I don’t like to acknowledge exactly how much of a toll being a Victim took on me. I don’t want people to treat me like I’m fragile. I know I should have acknowledged my own fragility, and that I should be able to talk about the ways my life remains completely altered. Because my experiences aren’t unique. This kind of trauma has an unfortunately ubiquitous quality. I like to blame my bad luck, but I think the reality is that we live in a perniciously malicious society, where the negative percolates to the top. I try to believe that there’s more good than not, but it seems like bad actions are constantly rewarded.

One of the disappointing aspects of my experience was that it left me wary of participating in the same kind of activism I’d done before. Spaces that were once safe felt foreign and dangerous. When I read that Atlantic article, I’d already been thinking a lot about the ways that Feminism, like many movements catalyzed by our reactionary internet culture, has gone off the rails in truly unproductive ways. When I started this blog its title (it. was. a. joke.) was a light-hearted jab at my own mellow, goofy personality and the way passivity sustains harmful norms. Now… I’m not as comfortable with the name. I’m still trying to articulate how in the quest for justice and inclusion, radicalized facets have created more discord and polarization.

I can see the ways that this exact inability to converse contributed to how the past year of my life unfurled. The institutional structures that should have protected me didn’t. The discussion was so bogged down in politics that what could have been solved quickly and painlessly turned into one of the most traumatic and prolonged experiences of my life. How else can I explain why the same person (who had the most ability and responsibility to rectify the damage) was able to say, “You’re not safe. You should never be alone—these are truly dangerous threats.” And a short time later, “Well, we do need to let him express his personality. We can’t ask him to change who he is.” …I mean… really? ‘Stalker’ is a protected identity now??
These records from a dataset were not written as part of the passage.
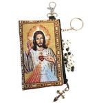 TIP63 Devine Mercy - Reversible - Tapestry Cloth Rosary Key Chain Coin Holder Case Pouch 4 3/4 Inch Width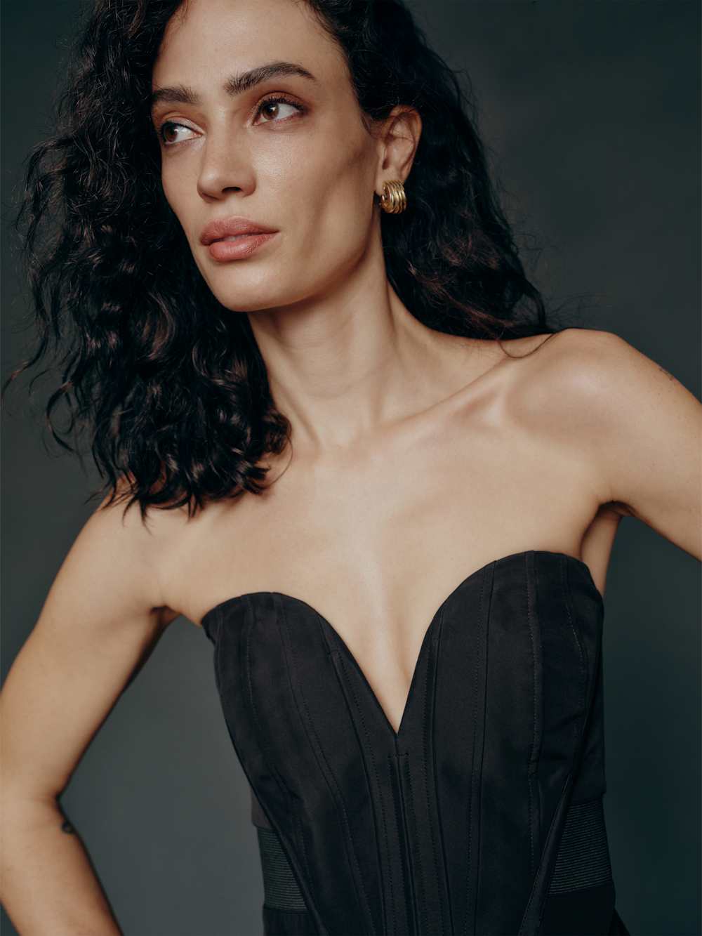 Up top. Shop the Sebastian Top from Reformation, a strapless top with a sweetheart neckline and boning through the corset.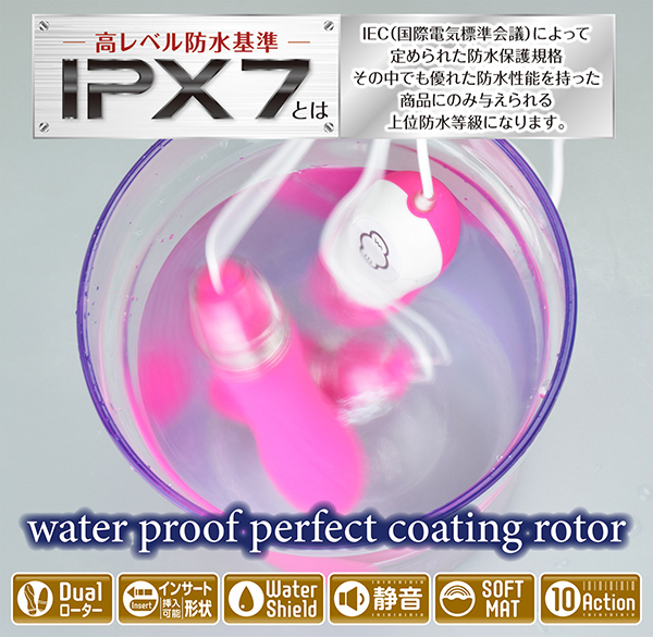 なんと30分間水没させても浸水しないという、国際基準IPX7をクリアした驚異の防水性能を誇るダブルローターです。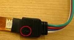Para lograr esto primero Conecte los conectores de tira de luz RGB para las tiras LED. En un lado de todos los conectores RGB, hay una pequeña flecha; esta flecha debe estar apuntando a la izquierda en la parte inferior de la tira de la luz. Ver la foto de referencia.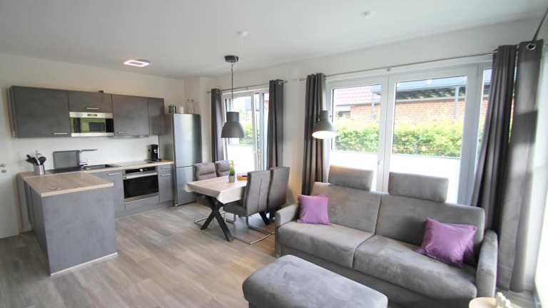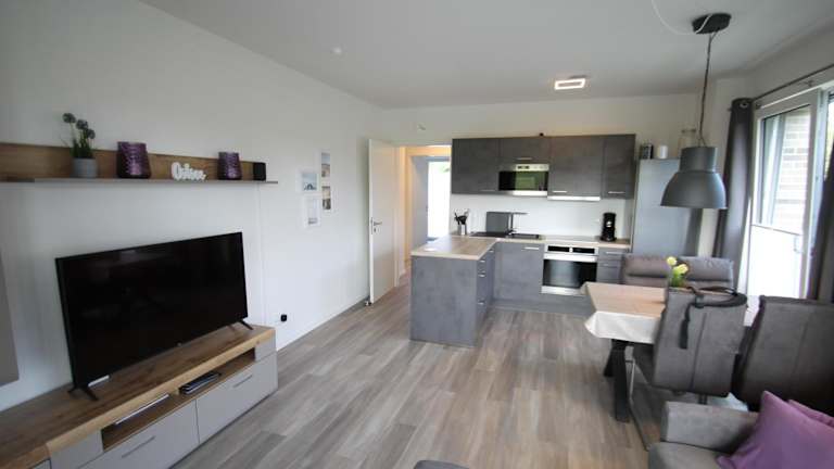 Die Ferienwohnung verfügt über 1 Schlafzimmer und eine gut ausgestattete Küche, die mit einem Kühlschrank und einem Geschirrspüler ausgestattet ist. Zudem gibt es ein Wohnzimmer und einen TV.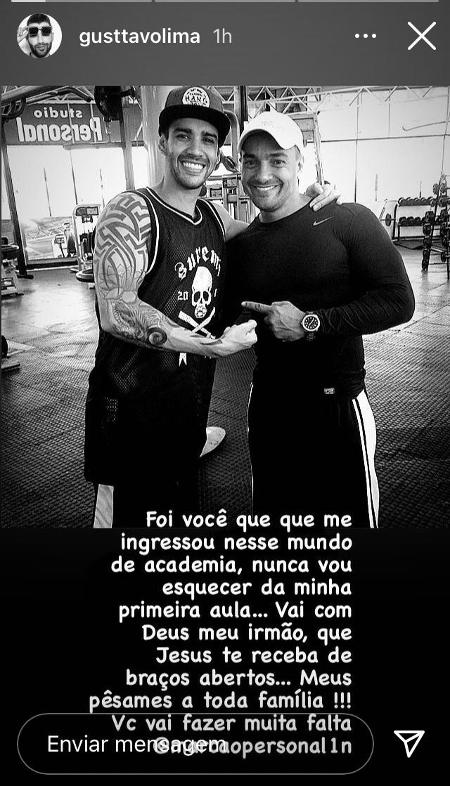 “Foi você que me ingressou nesse mundo de academia, nunca vou esquecer da minha primeira aula… Vai com Deus, meu irmão! Que Jesus te receba de braços abertos. Meus pêsames a toda a família! Você vai fazer muita falta”, legendou Gusttavo.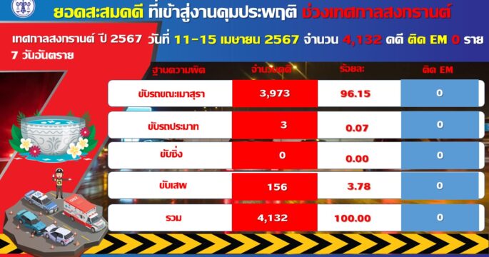 ยอดคุมประพฤติคดีเมาขับสงกรานต์วันแรก 276 คดี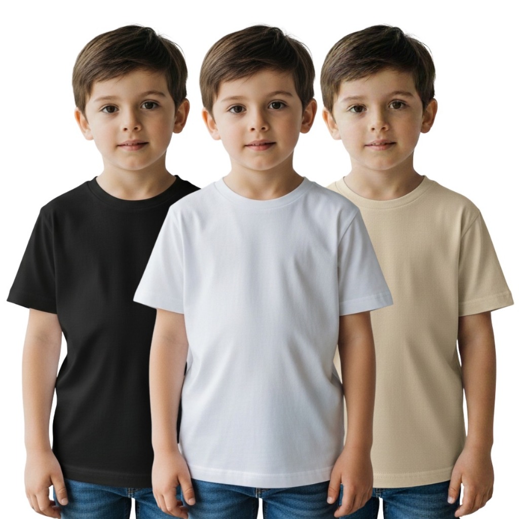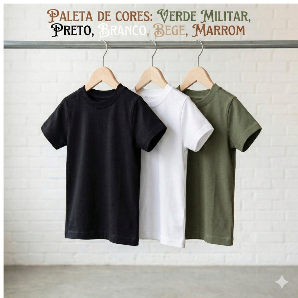 Kit 3 Camisetas Infantil Básica Unissex Algodão Lisa - Conforto Leve Para o Dia a Dia
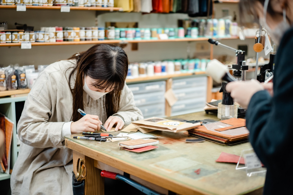 革素材をはじめ道具や金具パーツなどレザークラフトに関する様々な商品を取り扱う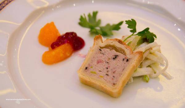 Dno I zidove kalupa za pastetu obložiti režnjevima slanine I posuti iseckanim crnim lukom, peršunom i krupnije samlevenim biberom. Zatim ređati u kalup teleće odreske posipajući svaki red iseckanim lukom, peršunom,mešanim začinima i solju. Ponoviti ovaj postupak dok se svi sastojci ne istroše. Preliti belim vinom i peći u umereno zagrejanoj pećnici (225°C)sat i po. Pečenu pastetu izvaditi iz kalupa, pritisnuti je daščicom i tegovima i ostaviti 24 sata na hladnom mestu.
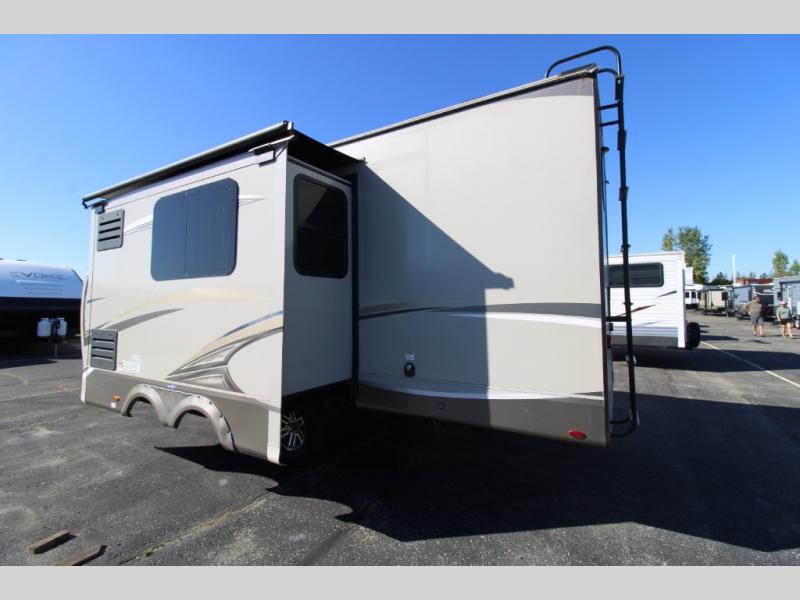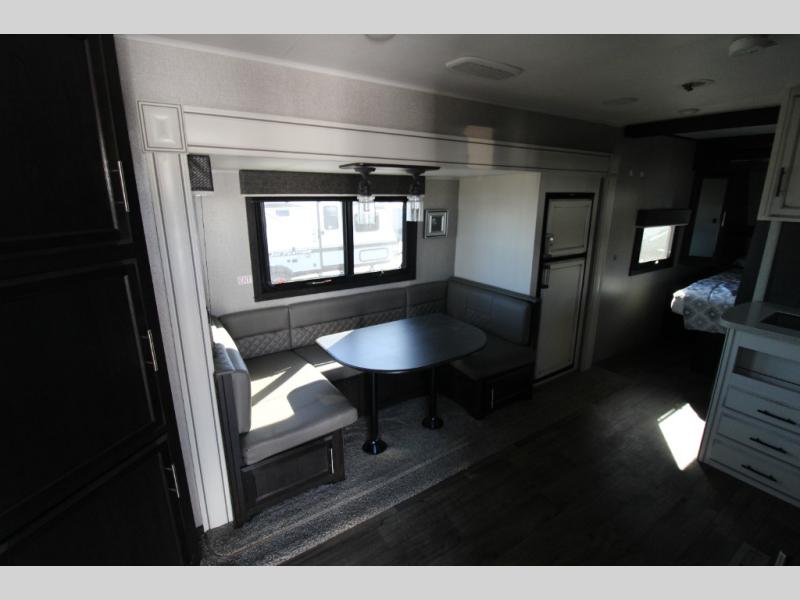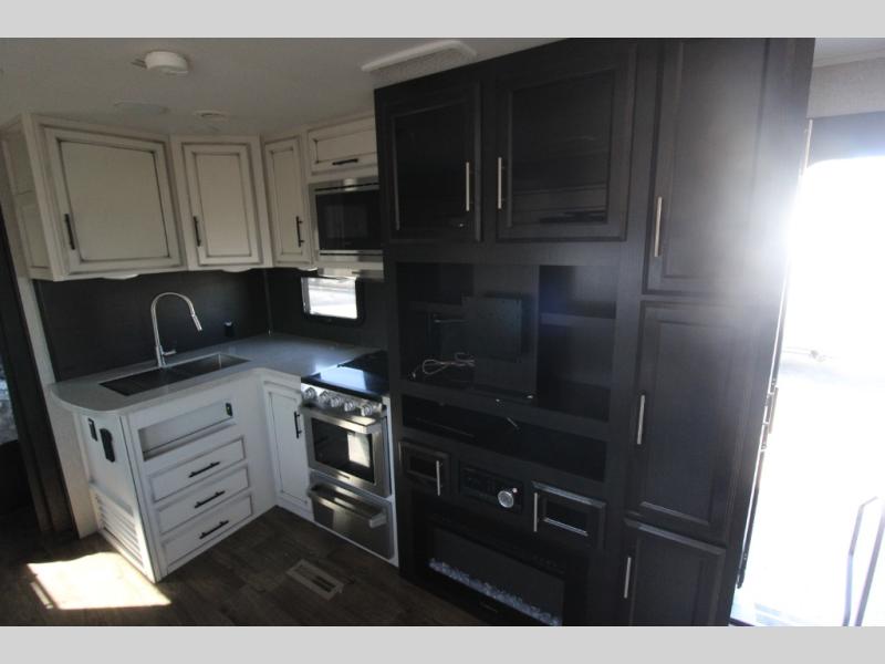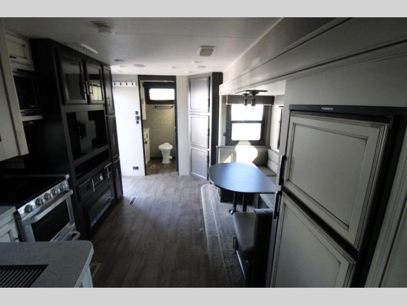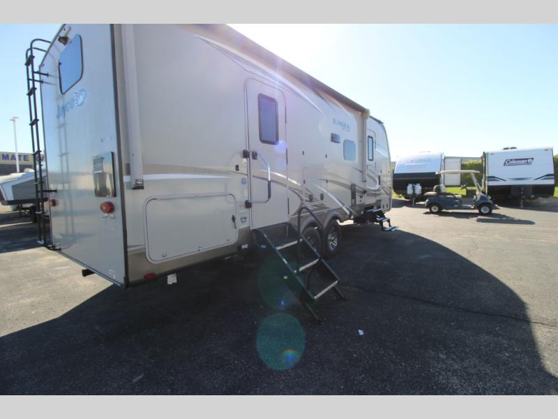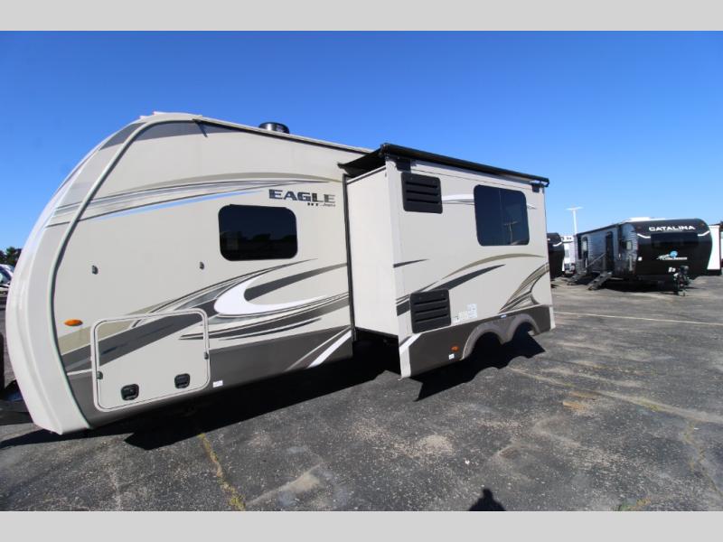 Your search is over! This rear-bathroom Eagle HT travel trailer offers a spacious vanity, 30" x 36" shower, plus linen storage to stay refreshed and ready for shopping in town or hiking the trails. You will have the choice of cooking inside at the L-shaped kitchen with stainless steel appliances, dining at the U-shaped dinette that also offers extra sleeping space, and napping in your own private bedroom with the second entry door for a smooth flow of traffic. The drop-frame chassis includes a huge pass-through storage and universal docking station. The outside kitchen allows you to cook while visiting with your camping friends, and the 17' awning gives you LED lights. You might like to add a few options, such as an exterior TV, a chaise lounge, a king bed, an LED fireplace, and/or 16" Goodyear tires.

But then I come back to women who are smart and graceful and funny, who change the world by being themselves, who remind me that I’m doing just fine by doing exactly what I’m doing, who gently let me know that removing myself from the conversation isn’t the path to healing. And that’s the kind of feminism that matters to me. I wouldn’t have survived the last year without it.

We have to keep critiquing and reflecting and evaluating the ways our movement is working and the ways it isn’t. There’s not an end goal—we’re never going to be done. But we have the opportunity to save lives, and that’s not something we should give up on. So I’m not going to change the name of this site, or delete it, even though I sometimes think about doing both. I’m not an authority, but I do have a stake in this work. We all do.

When I think about the last 525,600 minutes I don’t think of them as being seasons of love. (I’m not going to apologize for that. Did you really think I wasn’t going to bring that in??) I want to be very clear that I do not believe those platitudes. None of this made me a better person. None of this should have happened. It was like being on a rollercoaster that was so violent you vomited the whole time and needed a chiropractor after. You don’t get off of that feeling Better. Different, but not better.

One last thought in this discordant jumble: autumn has always been my favorite season. And it’s been hard to love it in the same way this year, because now I associate it with the start of one of the worst times of my life. But nobody gets to take an entire season from me. I’m still here and I’m still trying. And I’m still an Angry Feminist Killjoy, but not in the way you might think.